* Prompt:
Skip the pictures. Set down, word for word, the lines from the start of the material up to and including the line with "美式轻奢卧室书房透明清光玻璃线性壁灯".

* Data extracts:
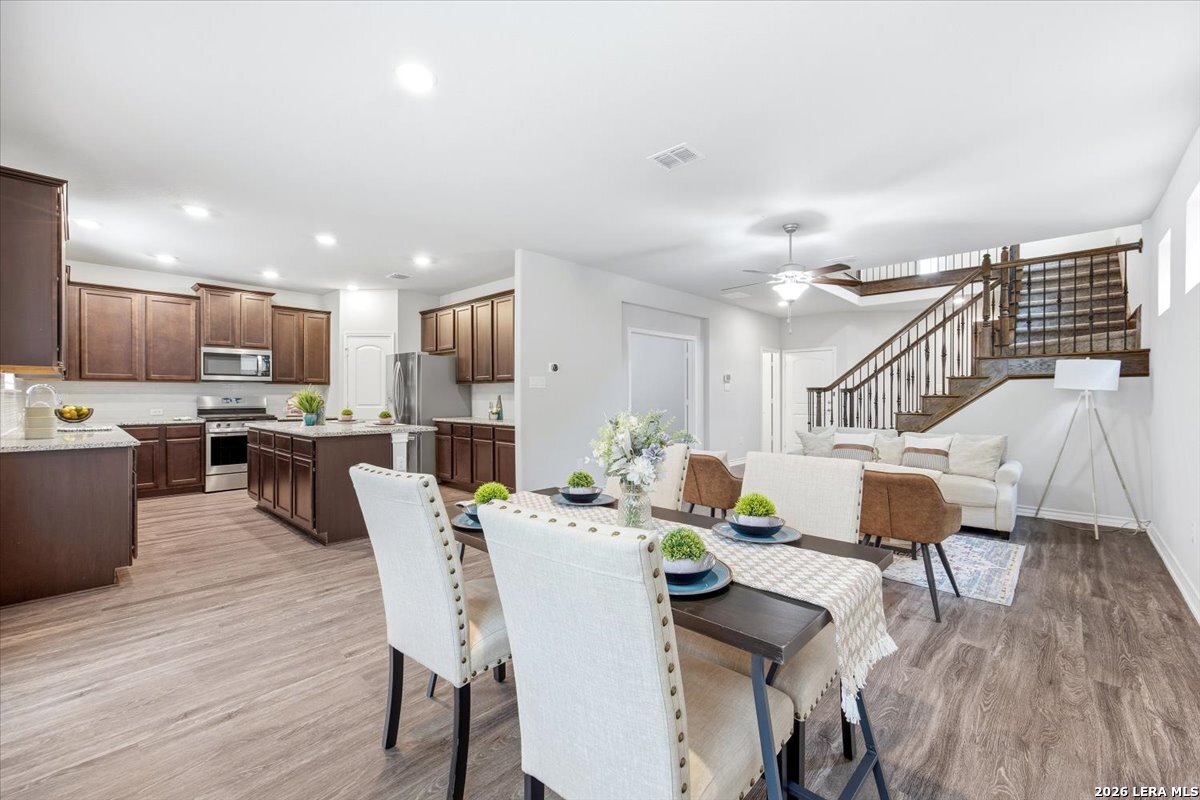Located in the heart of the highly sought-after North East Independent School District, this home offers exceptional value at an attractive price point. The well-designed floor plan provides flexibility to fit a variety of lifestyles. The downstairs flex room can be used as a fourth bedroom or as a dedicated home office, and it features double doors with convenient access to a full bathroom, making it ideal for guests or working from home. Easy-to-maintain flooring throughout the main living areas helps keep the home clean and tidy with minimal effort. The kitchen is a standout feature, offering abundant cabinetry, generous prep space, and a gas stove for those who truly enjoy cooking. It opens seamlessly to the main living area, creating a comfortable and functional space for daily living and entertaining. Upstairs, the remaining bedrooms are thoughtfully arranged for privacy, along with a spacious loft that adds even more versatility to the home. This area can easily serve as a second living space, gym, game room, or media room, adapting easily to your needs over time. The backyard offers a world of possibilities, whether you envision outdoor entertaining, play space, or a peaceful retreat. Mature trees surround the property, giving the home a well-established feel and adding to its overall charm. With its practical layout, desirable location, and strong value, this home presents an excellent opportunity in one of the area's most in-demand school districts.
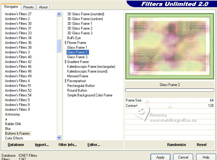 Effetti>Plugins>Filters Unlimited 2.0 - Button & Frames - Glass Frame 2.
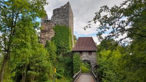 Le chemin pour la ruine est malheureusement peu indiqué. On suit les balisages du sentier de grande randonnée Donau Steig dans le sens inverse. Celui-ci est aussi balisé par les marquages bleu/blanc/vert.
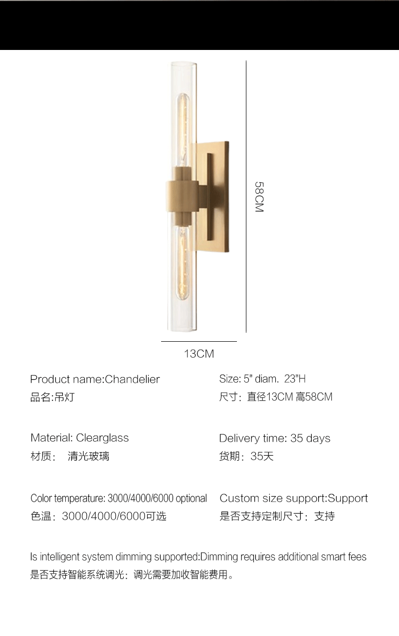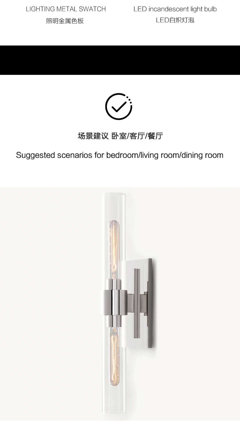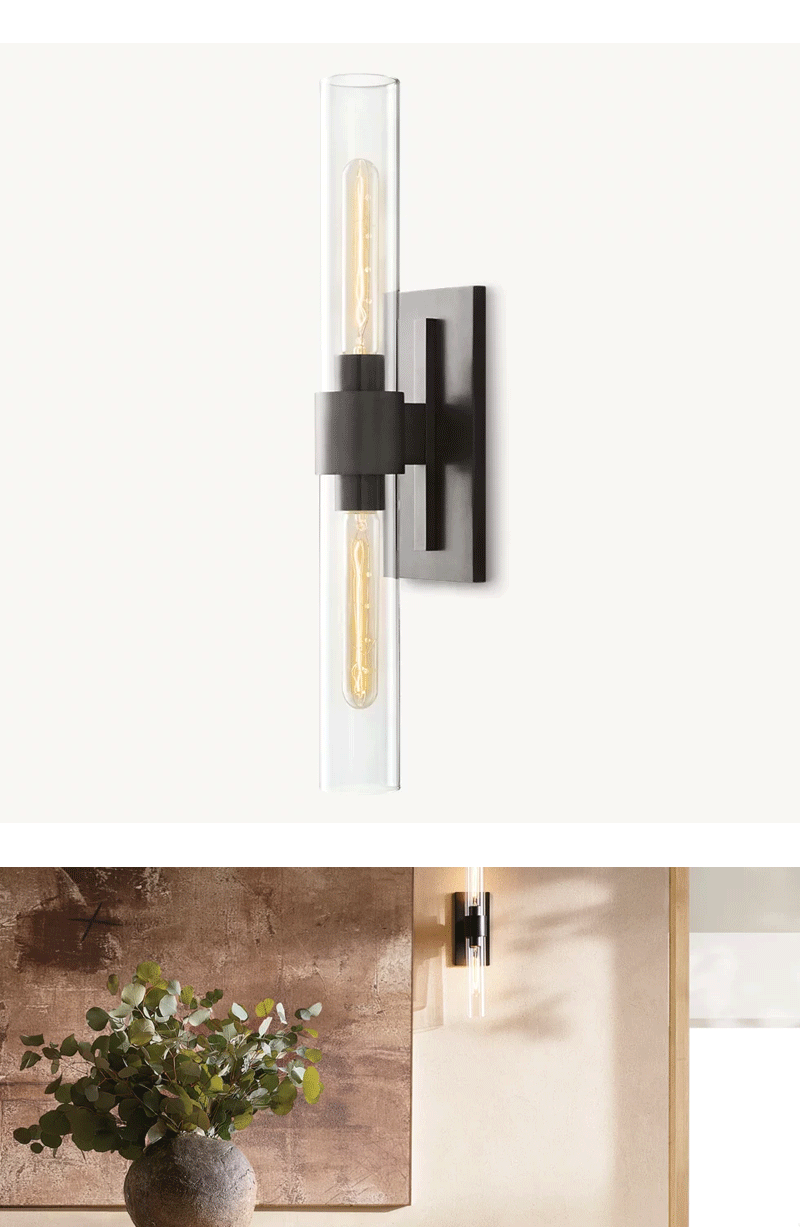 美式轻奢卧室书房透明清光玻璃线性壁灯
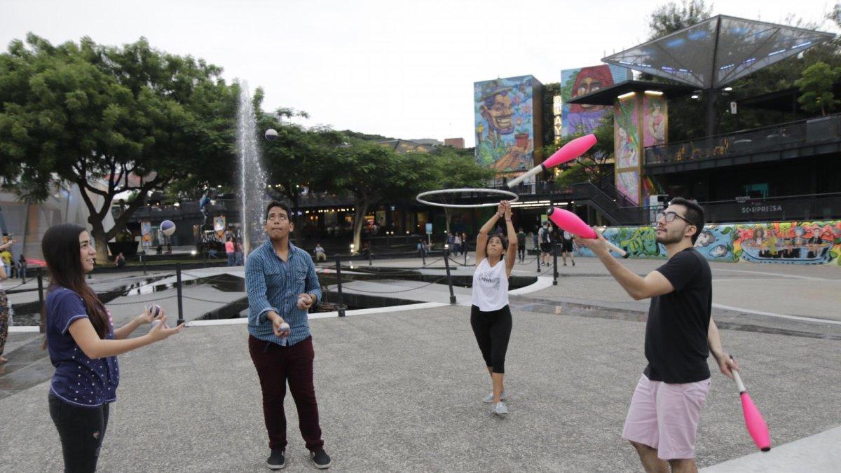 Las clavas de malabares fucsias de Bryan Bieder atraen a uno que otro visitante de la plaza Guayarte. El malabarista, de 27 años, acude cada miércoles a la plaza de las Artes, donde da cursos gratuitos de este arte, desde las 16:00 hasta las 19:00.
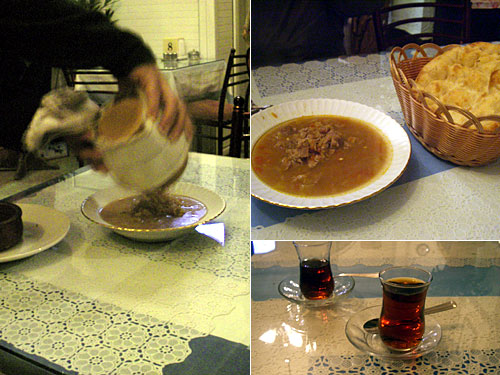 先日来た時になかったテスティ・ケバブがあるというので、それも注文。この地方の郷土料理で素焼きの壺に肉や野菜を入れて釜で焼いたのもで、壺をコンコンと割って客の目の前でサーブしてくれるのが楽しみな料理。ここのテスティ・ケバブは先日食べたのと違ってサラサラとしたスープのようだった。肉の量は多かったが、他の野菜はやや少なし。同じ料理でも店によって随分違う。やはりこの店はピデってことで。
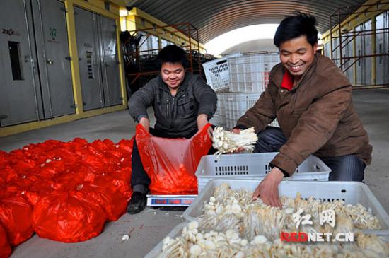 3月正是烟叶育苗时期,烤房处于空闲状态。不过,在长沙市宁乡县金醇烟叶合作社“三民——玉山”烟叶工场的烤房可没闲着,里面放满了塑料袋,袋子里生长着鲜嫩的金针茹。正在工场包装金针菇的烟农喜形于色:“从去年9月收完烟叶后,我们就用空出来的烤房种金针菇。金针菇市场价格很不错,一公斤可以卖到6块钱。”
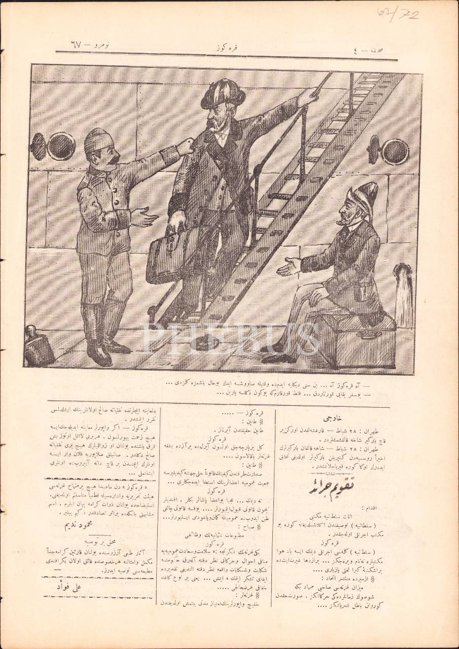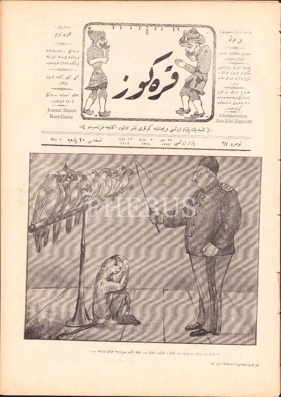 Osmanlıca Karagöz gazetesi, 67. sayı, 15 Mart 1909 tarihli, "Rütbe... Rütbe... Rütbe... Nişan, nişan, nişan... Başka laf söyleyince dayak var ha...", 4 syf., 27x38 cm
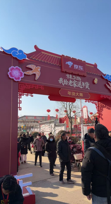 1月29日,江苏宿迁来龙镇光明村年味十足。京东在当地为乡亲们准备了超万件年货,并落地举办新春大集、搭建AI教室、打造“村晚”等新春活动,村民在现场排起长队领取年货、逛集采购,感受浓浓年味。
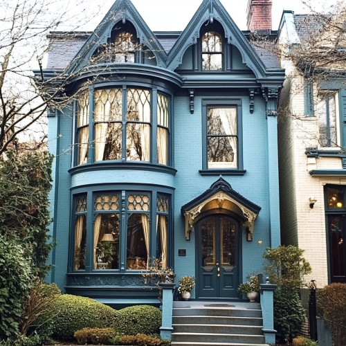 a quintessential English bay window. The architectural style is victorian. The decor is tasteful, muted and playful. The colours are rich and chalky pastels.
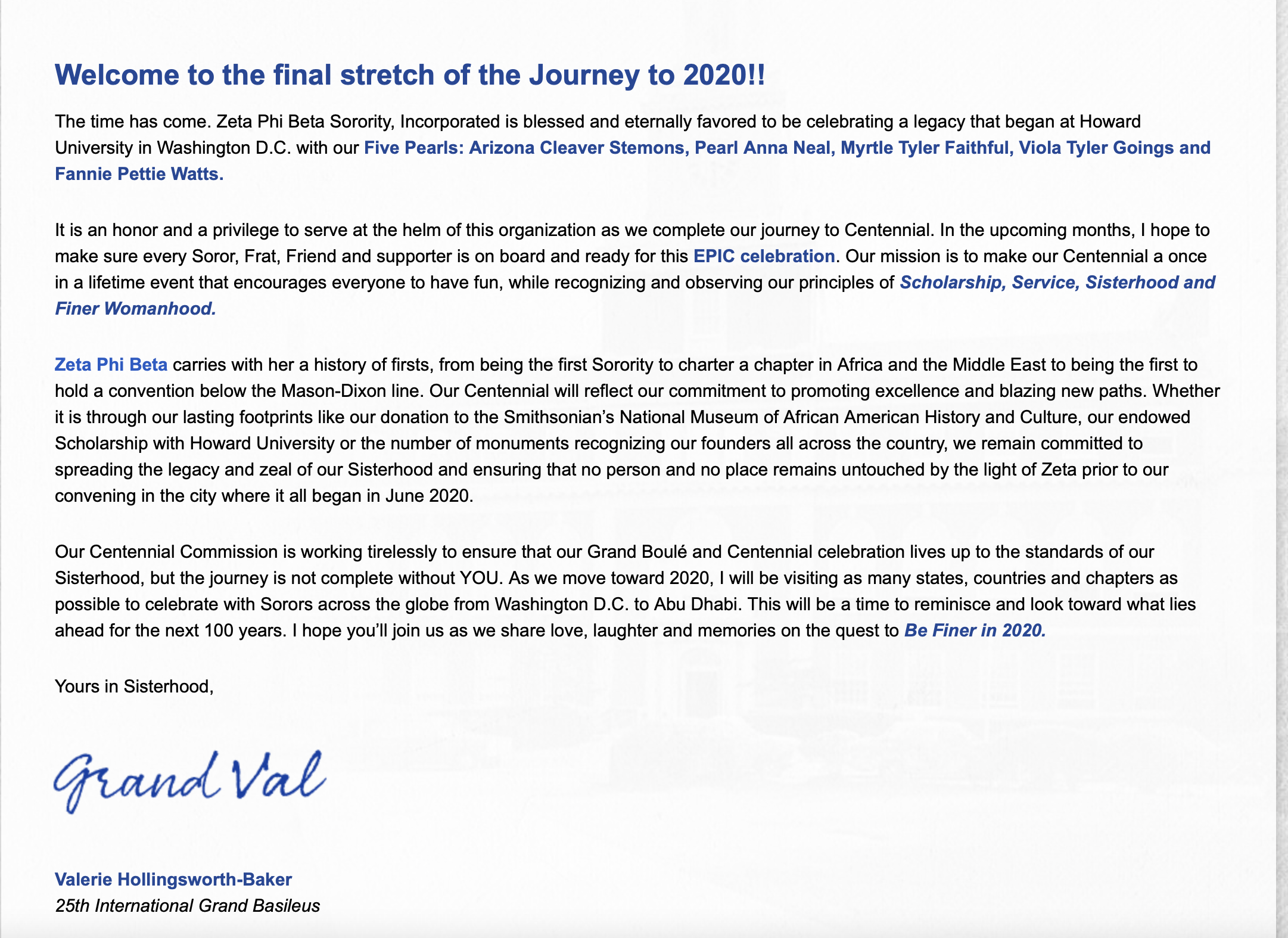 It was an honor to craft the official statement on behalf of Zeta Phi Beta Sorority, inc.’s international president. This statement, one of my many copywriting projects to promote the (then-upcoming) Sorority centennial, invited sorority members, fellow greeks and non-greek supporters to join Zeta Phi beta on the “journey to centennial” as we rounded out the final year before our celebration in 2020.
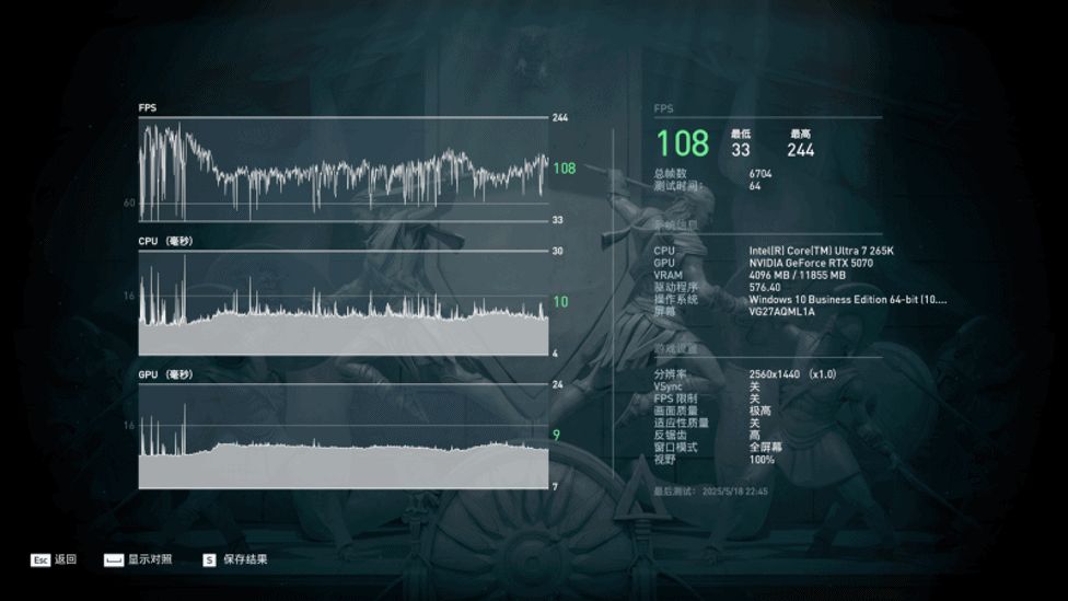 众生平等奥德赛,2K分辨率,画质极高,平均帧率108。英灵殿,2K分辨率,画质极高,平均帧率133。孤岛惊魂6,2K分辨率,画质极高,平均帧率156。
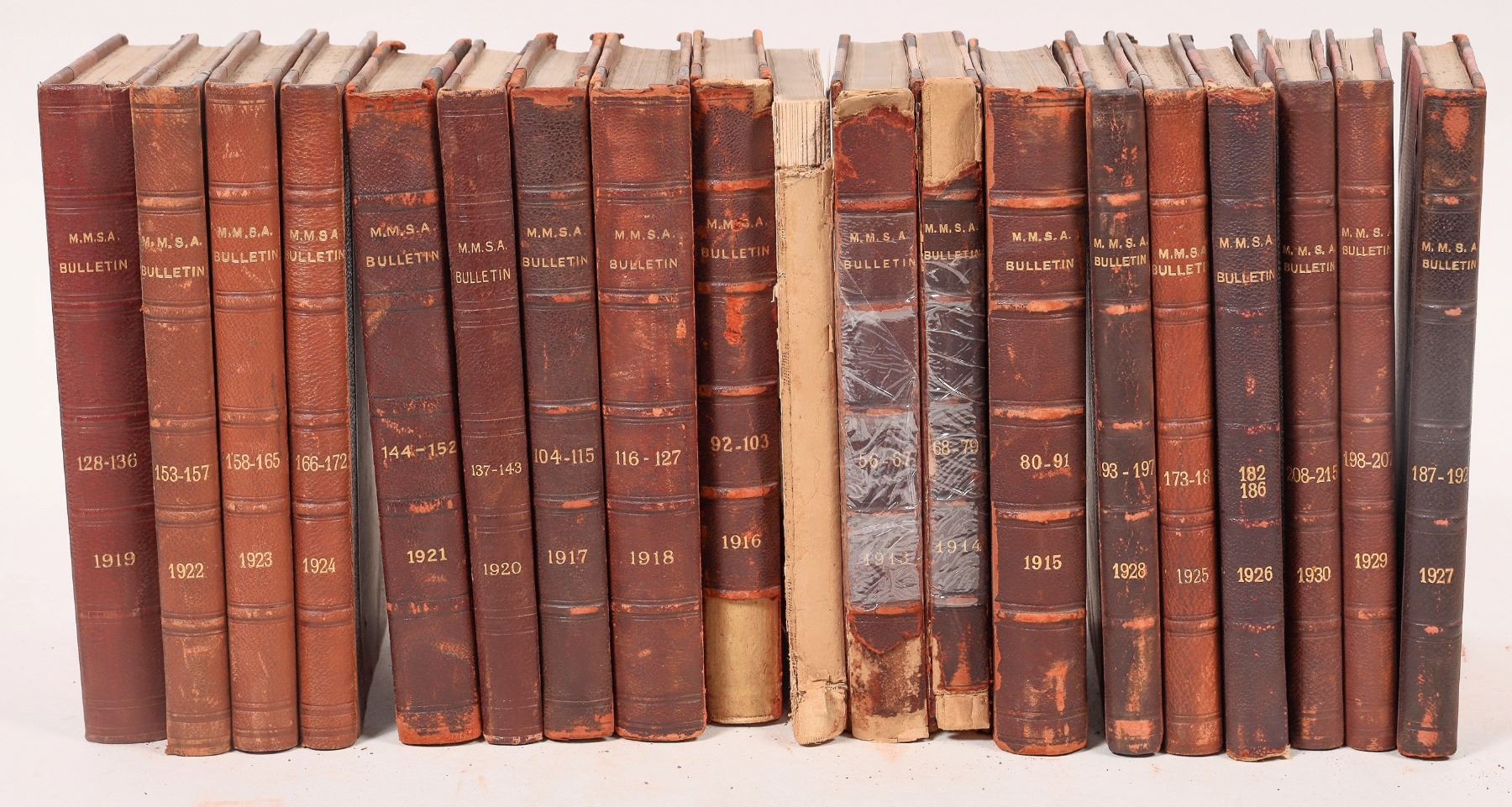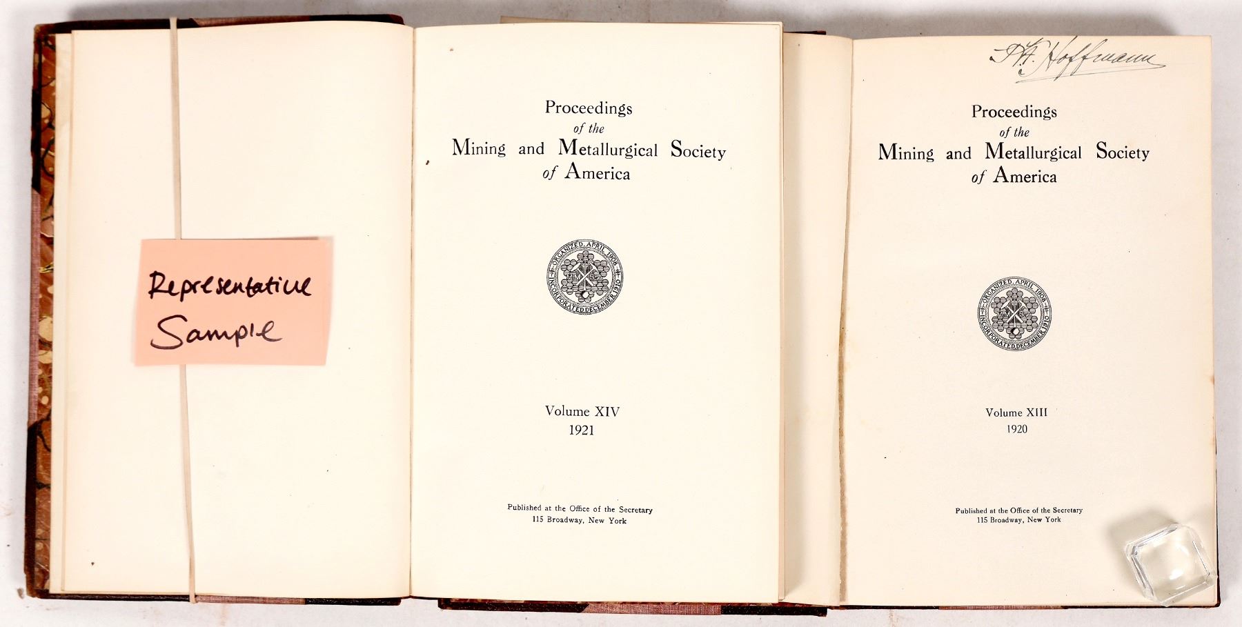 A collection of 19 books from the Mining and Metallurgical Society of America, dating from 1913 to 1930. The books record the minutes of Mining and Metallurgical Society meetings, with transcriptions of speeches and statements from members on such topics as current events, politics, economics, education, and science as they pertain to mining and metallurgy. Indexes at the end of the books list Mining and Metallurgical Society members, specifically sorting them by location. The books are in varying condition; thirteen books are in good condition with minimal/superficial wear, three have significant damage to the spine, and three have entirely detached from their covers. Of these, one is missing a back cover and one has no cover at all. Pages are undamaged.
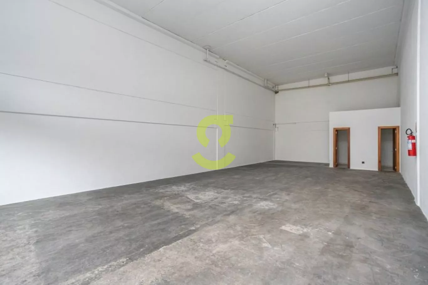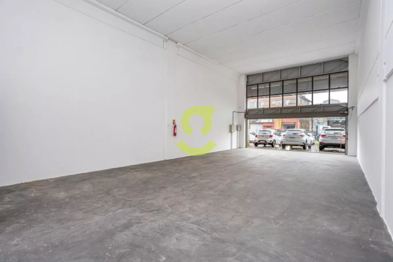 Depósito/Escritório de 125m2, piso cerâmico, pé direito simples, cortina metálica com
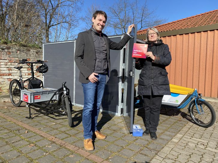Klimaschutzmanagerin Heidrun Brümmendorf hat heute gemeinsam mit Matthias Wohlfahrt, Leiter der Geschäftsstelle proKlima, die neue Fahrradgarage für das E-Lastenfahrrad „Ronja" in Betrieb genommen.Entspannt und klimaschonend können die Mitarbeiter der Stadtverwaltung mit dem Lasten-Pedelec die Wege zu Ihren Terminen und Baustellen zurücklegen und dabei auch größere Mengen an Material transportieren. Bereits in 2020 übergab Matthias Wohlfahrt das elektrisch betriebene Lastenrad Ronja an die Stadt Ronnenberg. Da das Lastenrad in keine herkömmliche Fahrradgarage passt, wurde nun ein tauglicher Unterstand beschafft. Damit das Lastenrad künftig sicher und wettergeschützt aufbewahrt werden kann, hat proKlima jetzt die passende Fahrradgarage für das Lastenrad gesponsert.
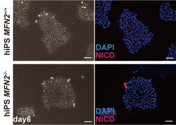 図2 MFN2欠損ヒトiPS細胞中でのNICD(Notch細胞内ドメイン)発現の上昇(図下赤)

* Expected output:
Located in the heart of the highly sought-after North East Independent School District, this home offers exceptional value at an attractive price point. The well-designed floor plan provides flexibility to fit a variety of lifestyles. The downstairs flex room can be used as a fourth bedroom or as a dedicated home office, and it features double doors with convenient access to a full bathroom, making it ideal for guests or working from home. Easy-to-maintain flooring throughout the main living areas helps keep the home clean and tidy with minimal effort. The kitchen is a standout feature, offering abundant cabinetry, generous prep space, and a gas stove for those who truly enjoy cooking. It opens seamlessly to the main living area, creating a comfortable and functional space for daily living and entertaining. Upstairs, the remaining bedrooms are thoughtfully arranged for privacy, along with a spacious loft that adds even more versatility to the home. This area can easily serve as a second living space, gym, game room, or media room, adapting easily to your needs over time. The backyard offers a world of possibilities, whether you envision outdoor entertaining, play space, or a peaceful retreat. Mature trees surround the property, giving the home a well-established feel and adding to its overall charm. With its practical layout, desirable location, and strong value, this home presents an excellent opportunity in one of the area's most in-demand school districts.
 Effetti>Plugins>Filters Unlimited 2.0 - Button & Frames - Glass Frame 2.
 Le chemin pour la ruine est malheureusement peu indiqué. On suit les balisages du sentier de grande randonnée Donau Steig dans le sens inverse. Celui-ci est aussi balisé par les marquages bleu/blanc/vert.
 美式轻奢卧室书房透明清光玻璃线性壁灯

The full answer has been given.